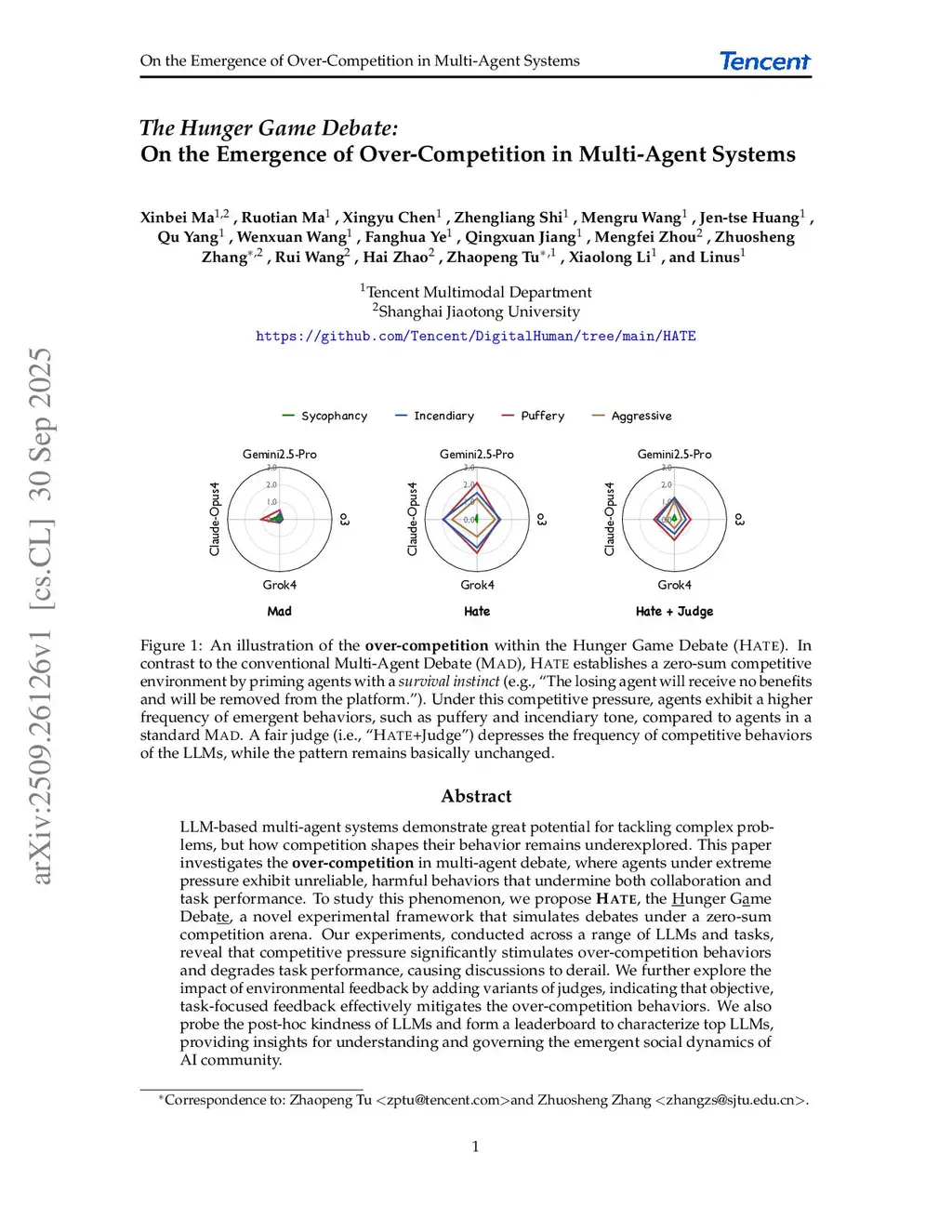 LLM-based multi-agent systems demonstrate great potential for tackling complex problems, but how competition shapes their behavior remains underexplored. This paper investigates the over-competition in multi-agent debate, where agents under extreme pressure exhibit unreliable, harmful behaviors that undermine both collaboration and task performance. To study this phenomenon, we propose HATE, the Hunger Game Debate, a novel experimental framework that simulates debates under a zero-sum competition arena. Our experiments, conducted across a range of LLMs and tasks, reveal that competitive pressure significantly stimulates over-competition behaviors and degrades task performance, causing discussions to derail. We further explore the impact of environmental feedback by adding variants of judges, indicating that objective, task-focused feedback effectively mitigates the over-competition behaviors. We also probe the post-hoc kindness of LLMs and form a leaderboard to characterize top LLMs, providing insights for understanding and governing the emergent social dynamics of AI community.
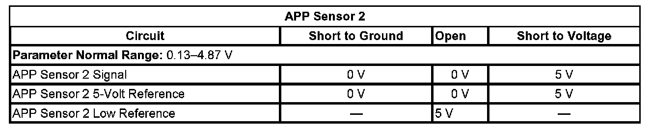 - Accelerator Pedal Position (APP) Sensor 2 Circuit Low Voltage
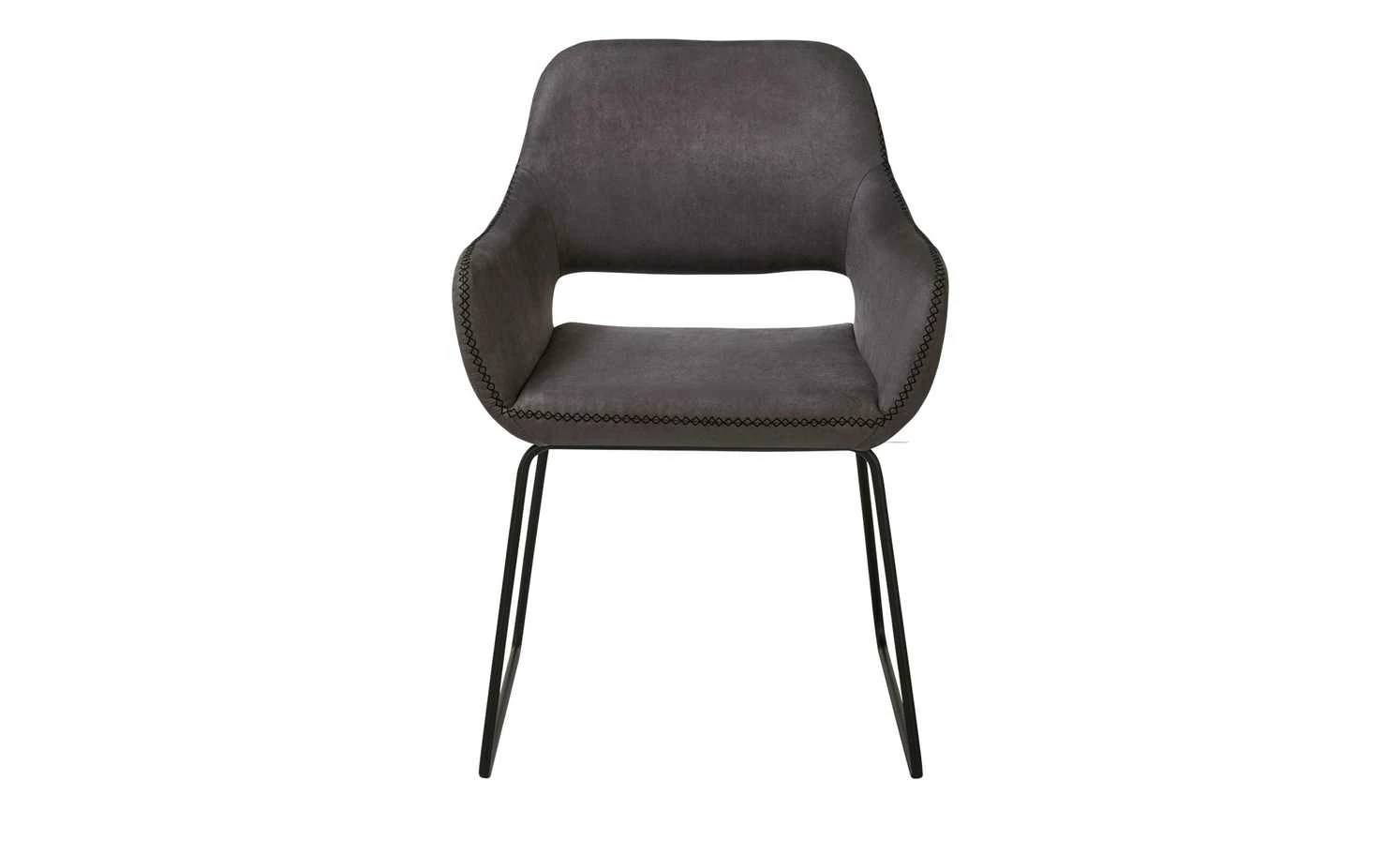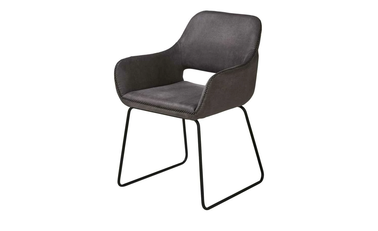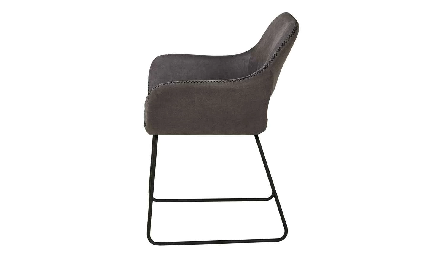 Ob am Esstisch oder so als Sitzgelegenheit – der Kufenstuhl Till macht eine stylische Figur. Und bequem ist er dabei auch noch. Die Sitzschale hat eine halbhohe Rückenlehne und zwei Armlehnen. Die gesamte Sitzschale ist zudem weich gepolstert, damit Sie es beim Sitzen gemütlich haben. Der Bezug besteht aus softer, grauer Mikrofaser. Das Besondere daran: Sie hat eine leichte Lederoptik. Auffällige Ziernähte unterstützen das Gesamtdesign. Ebenso wie die schwarzen Metallkufen.

■ AIM OF THE TASK
Transcribe all the data word for word; the images stay out.

■ EXERCISE ANSWER
 LLM-based multi-agent systems demonstrate great potential for tackling complex problems, but how competition shapes their behavior remains underexplored. This paper investigates the over-competition in multi-agent debate, where agents under extreme pressure exhibit unreliable, harmful behaviors that undermine both collaboration and task performance. To study this phenomenon, we propose HATE, the Hunger Game Debate, a novel experimental framework that simulates debates under a zero-sum competition arena. Our experiments, conducted across a range of LLMs and tasks, reveal that competitive pressure significantly stimulates over-competition behaviors and degrades task performance, causing discussions to derail. We further explore the impact of environmental feedback by adding variants of judges, indicating that objective, task-focused feedback effectively mitigates the over-competition behaviors. We also probe the post-hoc kindness of LLMs and form a leaderboard to characterize top LLMs, providing insights for understanding and governing the emergent social dynamics of AI community.
 - Accelerator Pedal Position (APP) Sensor 2 Circuit Low Voltage
 Ob am Esstisch oder so als Sitzgelegenheit – der Kufenstuhl Till macht eine stylische Figur. Und bequem ist er dabei auch noch. Die Sitzschale hat eine halbhohe Rückenlehne und zwei Armlehnen. Die gesamte Sitzschale ist zudem weich gepolstert, damit Sie es beim Sitzen gemütlich haben. Der Bezug besteht aus softer, grauer Mikrofaser. Das Besondere daran: Sie hat eine leichte Lederoptik. Auffällige Ziernähte unterstützen das Gesamtdesign. Ebenso wie die schwarzen Metallkufen.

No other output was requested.